2:00 PM – 3:00 PM Tuesday, December 9^th, 2025

Location

Hybrid（CryoEM building and Zoom）

Speakers: Patrick D. Shaw Stewart

Douglas Instruments Ltd（UK）
University of Southampton（UK）

Abstract

Serial data collection and microED techniques typically require “slurries” of tiny, well-ordered crystals [1]. Neutron diffraction requires very large single crystals. Creating samples for these techniques is often a complex process that requires multiple rounds of optimization. To guide them in this task, protein crystallizers often keep a notional phase diagram in mind, which has four zones: an undersaturated zone where protein always remains in solution, a metastable zone where crystals will grow when seeds are added, a crystal nucleation zone where crystals appear spontaneously, and a protein precipitation zone. However, the shape of real-life phase diagrams can vary, making the interpretation of experimental results difficult. It is therefore very helpful to determine the phase diagrams of individual target proteins experimentally. Douglas Instruments, in collaboration with the University of Southampton, has introduced a rapid and straightforward method for generating custom phase diagrams using just 15 – 60 µL of protein [Fig. 1]. The most straightforward approach utilizes the microbatch-under-oil method to prevent concentrating the sample drop (as would occur in a vapor diffusion setup). By carrying out the same procedure with and without a seedstock, the metastable zone can be identified [2]. Moreover, advanced methods often require relatively large sample volumes, and microbatch can easily be scaled up to 50 µL or larger “batches” using robotics. A new variation of the method eliminates the need for oil by using a sitting drop setup, where solutions are dispensed to the reservoirs that exactly balance the concentrations of the drops. We present case studies where phase diagrams were utilized to enhance control and crystal quality for both routine and advanced data collection.

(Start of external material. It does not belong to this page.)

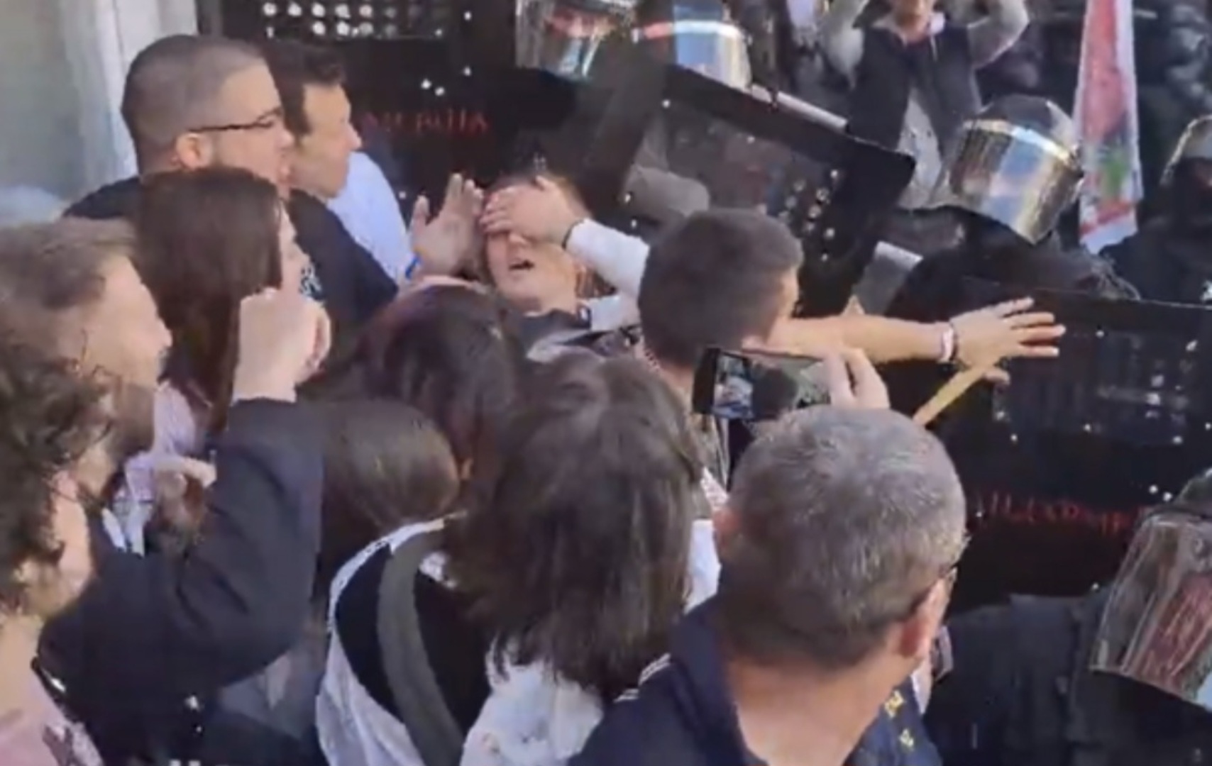 Vidi se da studentica stoji ispred policije koja ju udara u glavu. Čuju se povici: "Stani, stani, djevojka, djevojka", a Kristina pada na tlo vrišteći.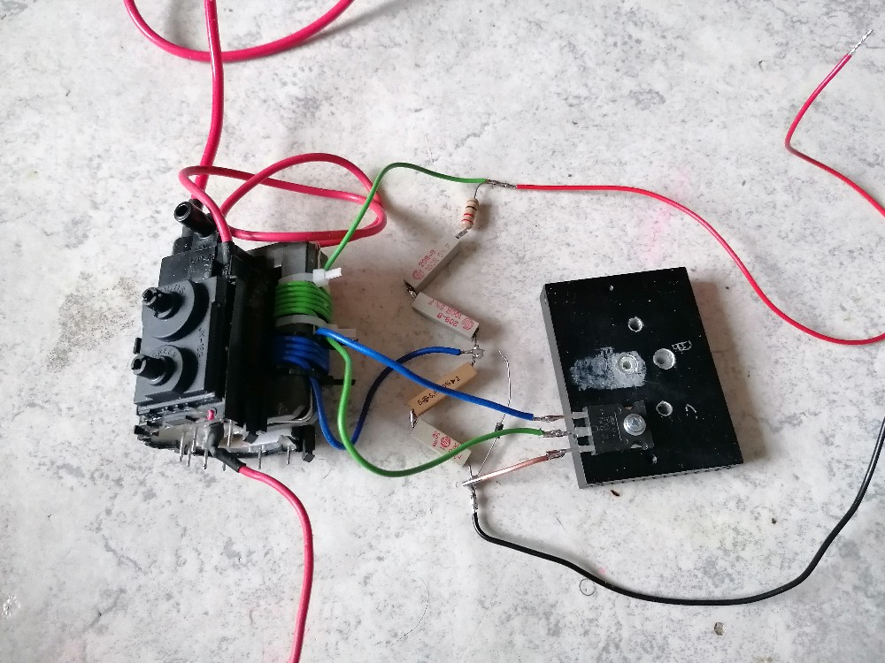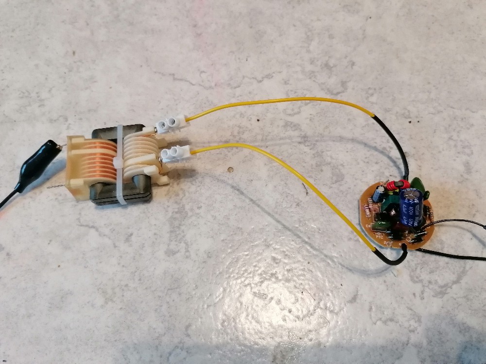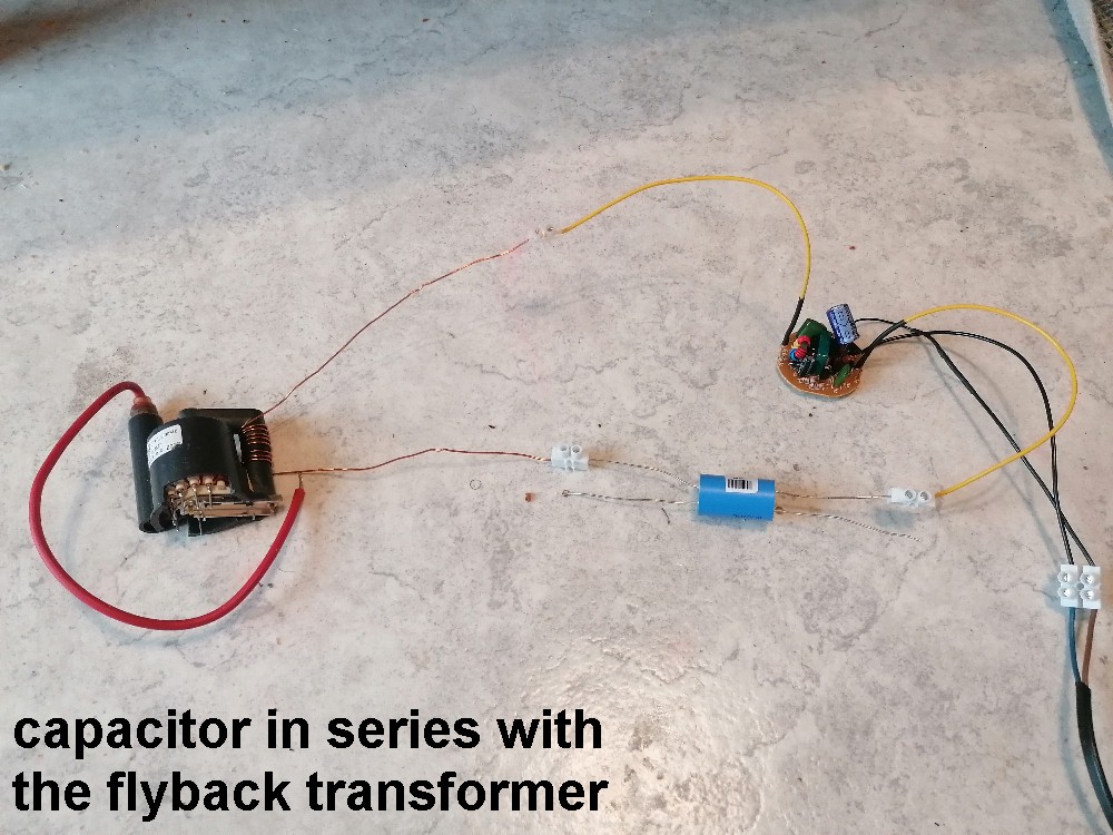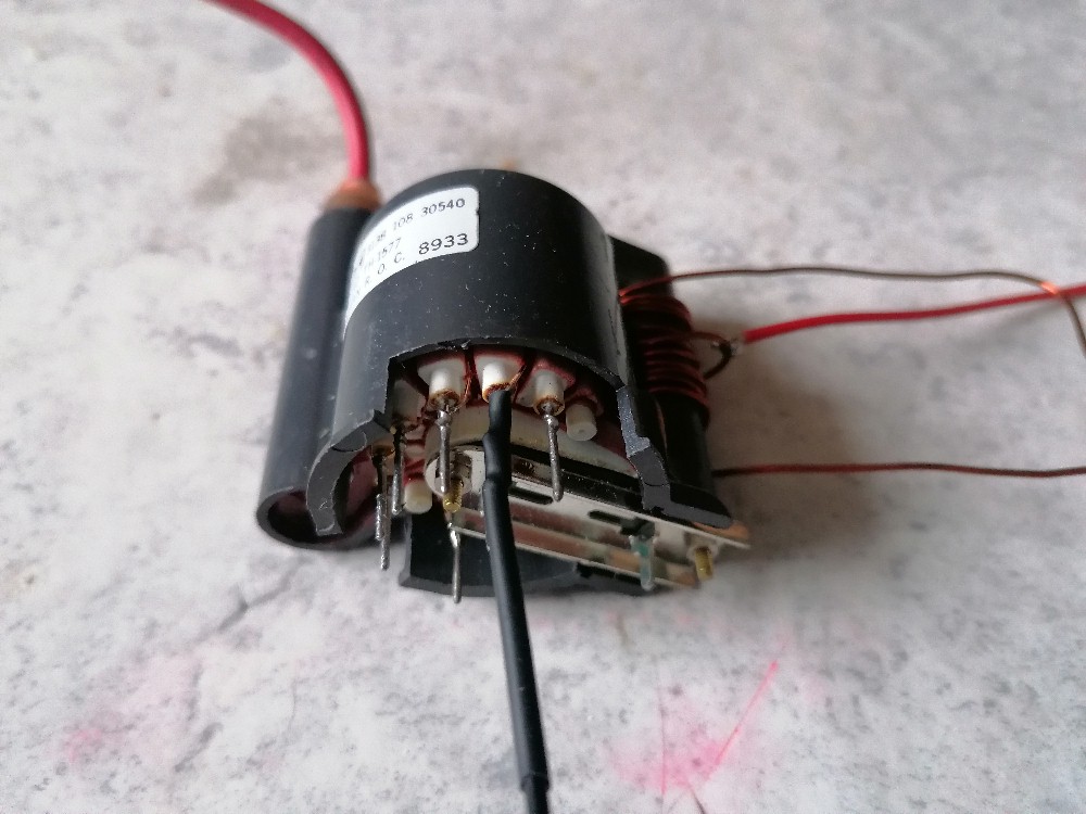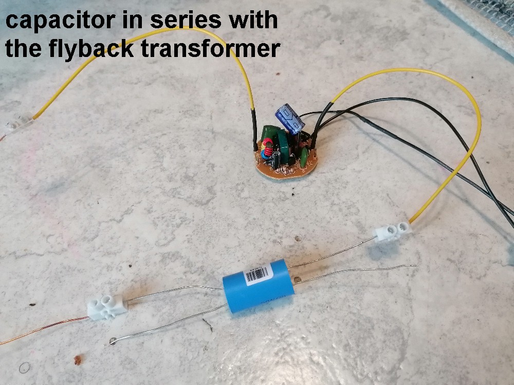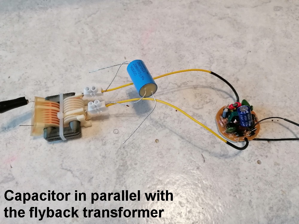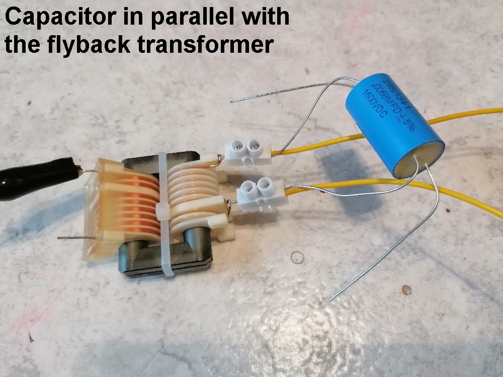 Bei dieser Variante habe ich einen 6.8 nF / 1600 V Folienkondensator parallel zur Primärwicklung des Zeilentrafos angeschlossen. Man hätte natürlich auch Pin 1 mit Pin 2 und Pin 3 mit Pin 4 verbinden können. Dann hätte man den auf der Platine befindlichen Kondensator C3 genutzt. Der Output bei dieser Verschaltung war minimalst. Es war damit gerade so ein nicht einmal 1 mm langer Funken zu erzielen, also unbrauchbar.

Figure 1.  The rapid determination of a protein’s phase diagram using　a microbatch-under-oil format.  Blue circles indicate the conditions that were tested.  Images of the wells are shown in conditions of interest. All points on the accessible phase diagram can be reached by mixing the three ingredients shown: protein stock (red circle), precipitant or cocktail stock (green circle) and a diluent, normally water (cyan circle).  To find the border of the metastable zone (dotted line) the experiment was repeated with the addition of a seed-stock (results not shown).

[1] Stubbs, J., Hornsey, T., Hanrahan, L.B. Esteban, R. Bolton, M.
Maly, S. Basu, J. Orlans, D. de Sanctis, J. Shim, Shaw Stewart, P. D.,
A.M. Orville, I. Tews and West, J. (2024). IUCrJ  11.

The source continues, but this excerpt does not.